Dr. Just later concluded that the repetition of MK's work activity alone could not have caused her injuries. After convening a review panel, Caterpillar agree and chose not to log the injury as work-related. But the Department of Labor and an Administrative Law Judge (ALJ) disagreed with that determination and fined Caterpillar.

The Seventh Circuit Court of Appeals reversed that decision.

Both Caterpillar and the agency provided evidence for their respective stances on whether MK's injuries were "work-related," but the Seventh Circuit said that the agency erred by failing to test its hypothesis against Caterpillar's hypotheses.

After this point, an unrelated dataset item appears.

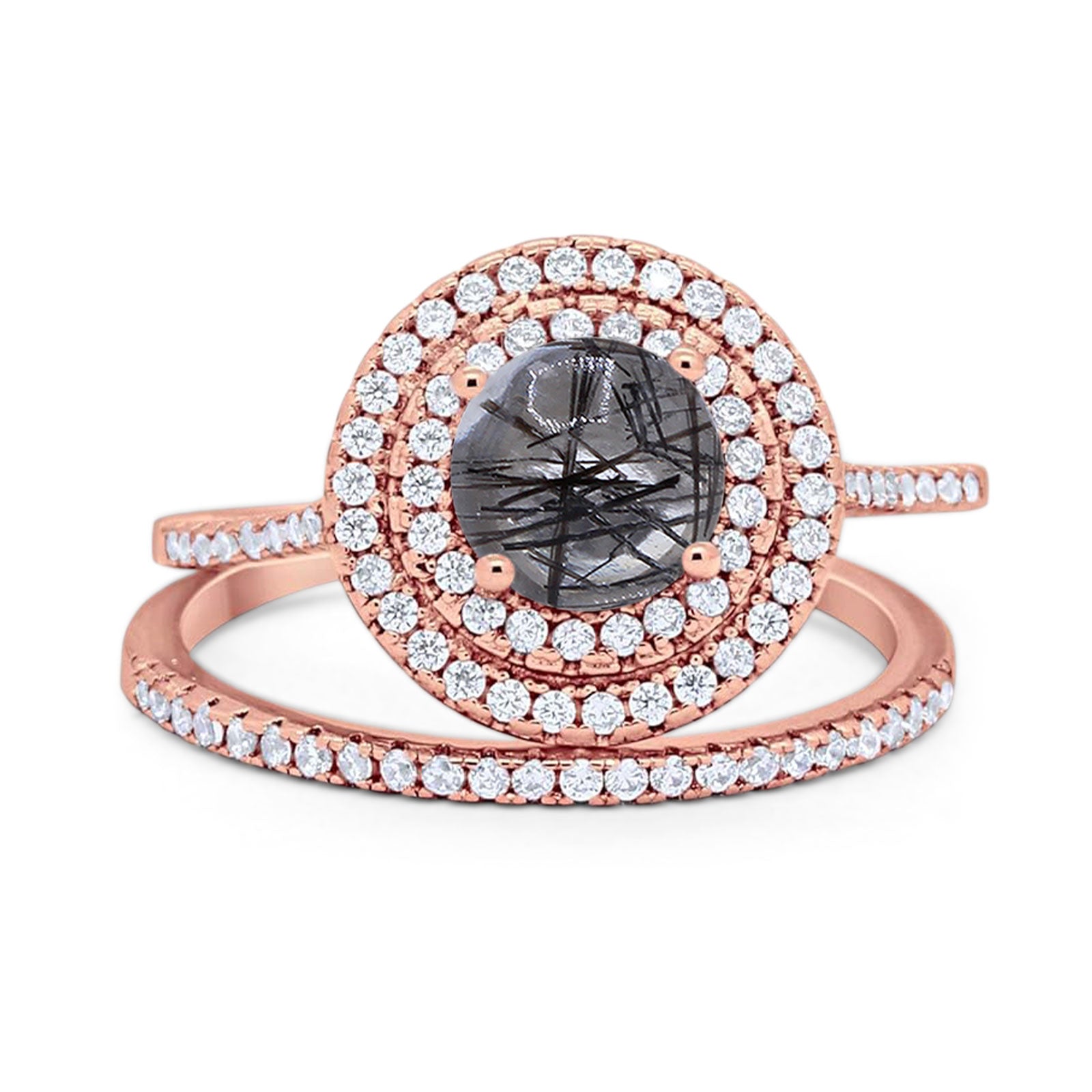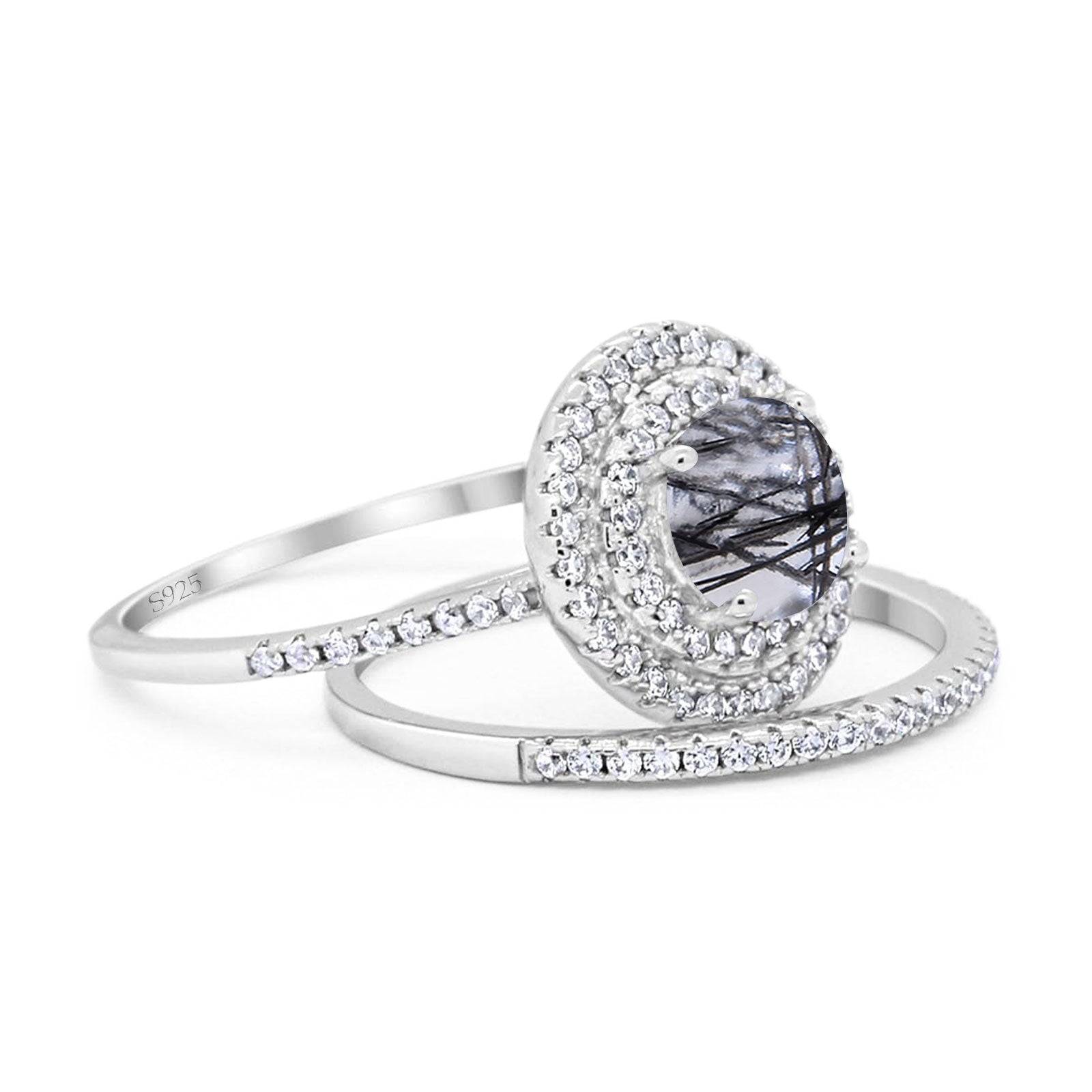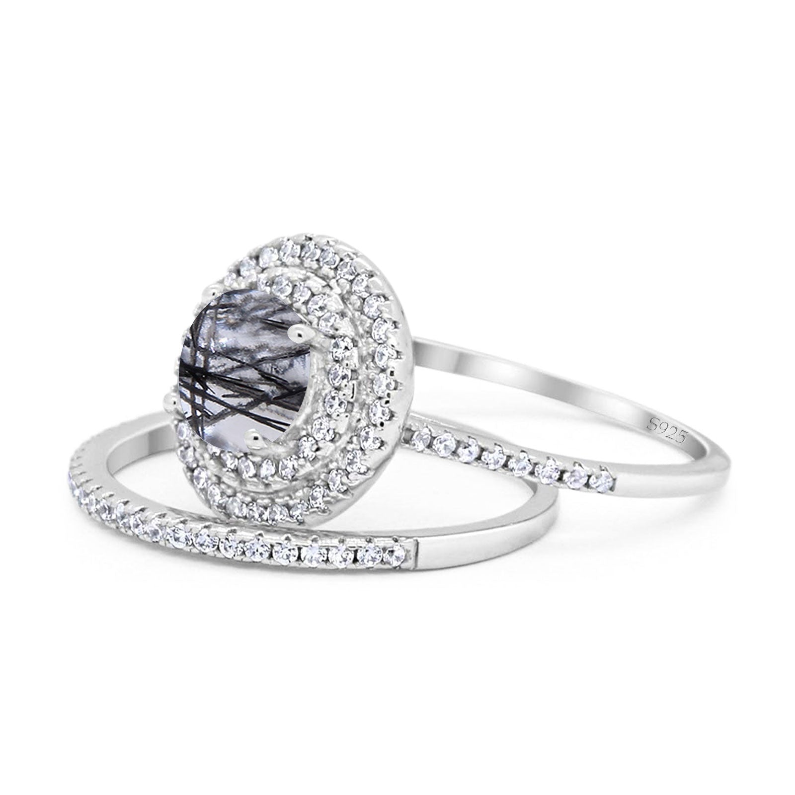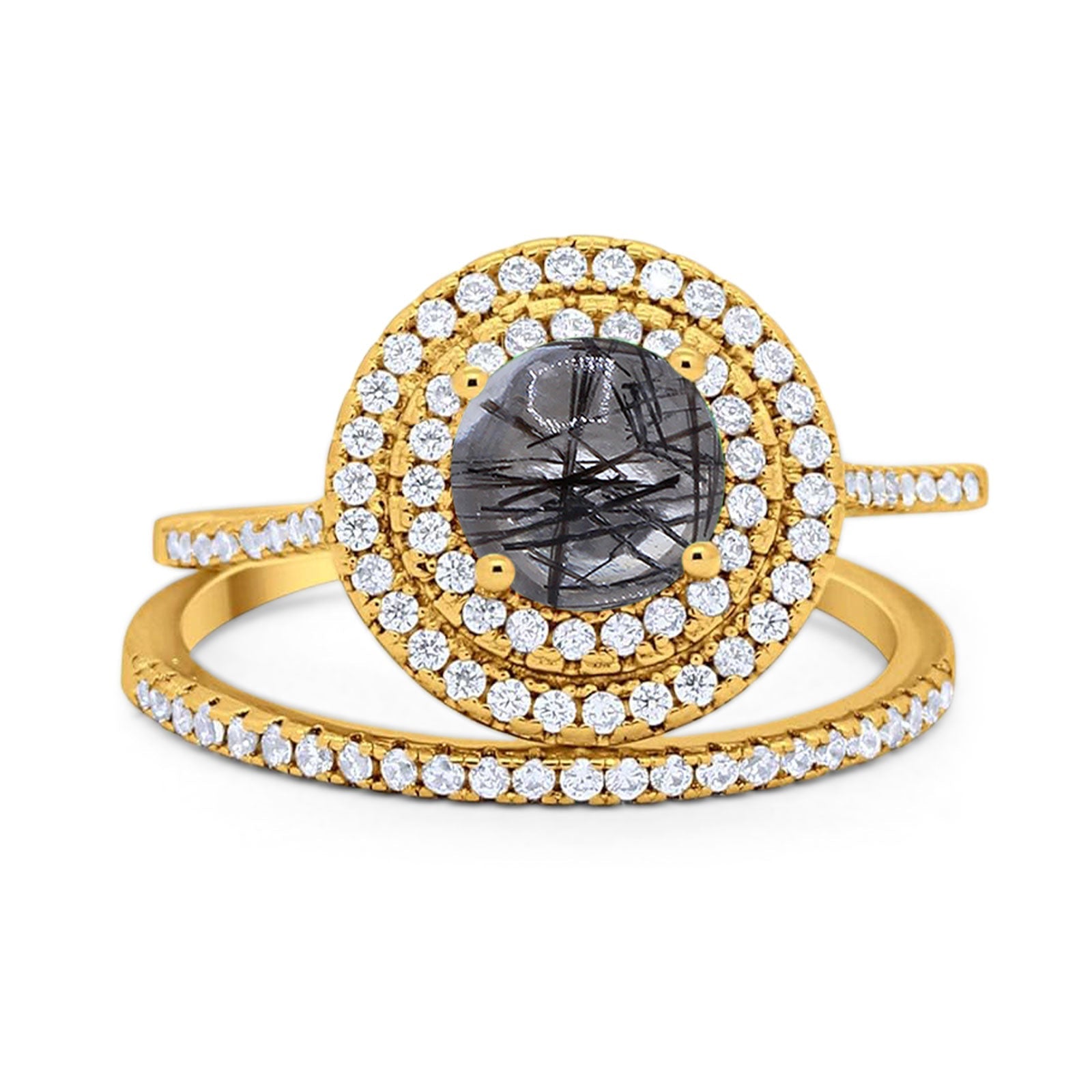 Two Piece Round Natural Rutilated Quartz Double Halo Ring 925 Sterling Silver

Specifically, the court said that the ALJ should have considered Caterpillar Logistics' 300-person-years of experience with its packing department.

Tennis elbow or golfer's elbow occurs at a rate of about 1-2 percent per year in the general population. By those calculations, Caterpillar should have encountered between three and six cases among the staff of the packing department if work played no causal role at all. It actually had one case -- MK's.

The Seventh Circuit notes that the OSHA log doesn't show actual risks; it shows whether the employer believes that there is a connection between the working environment and the injuries. Judge Easterbrook suggests that everyone could save a lot of time and money if OSHA simply eliminated the work-relatedness requirement.

Would tinkering with the work-relatedness requirement for the log help or hurt your clients?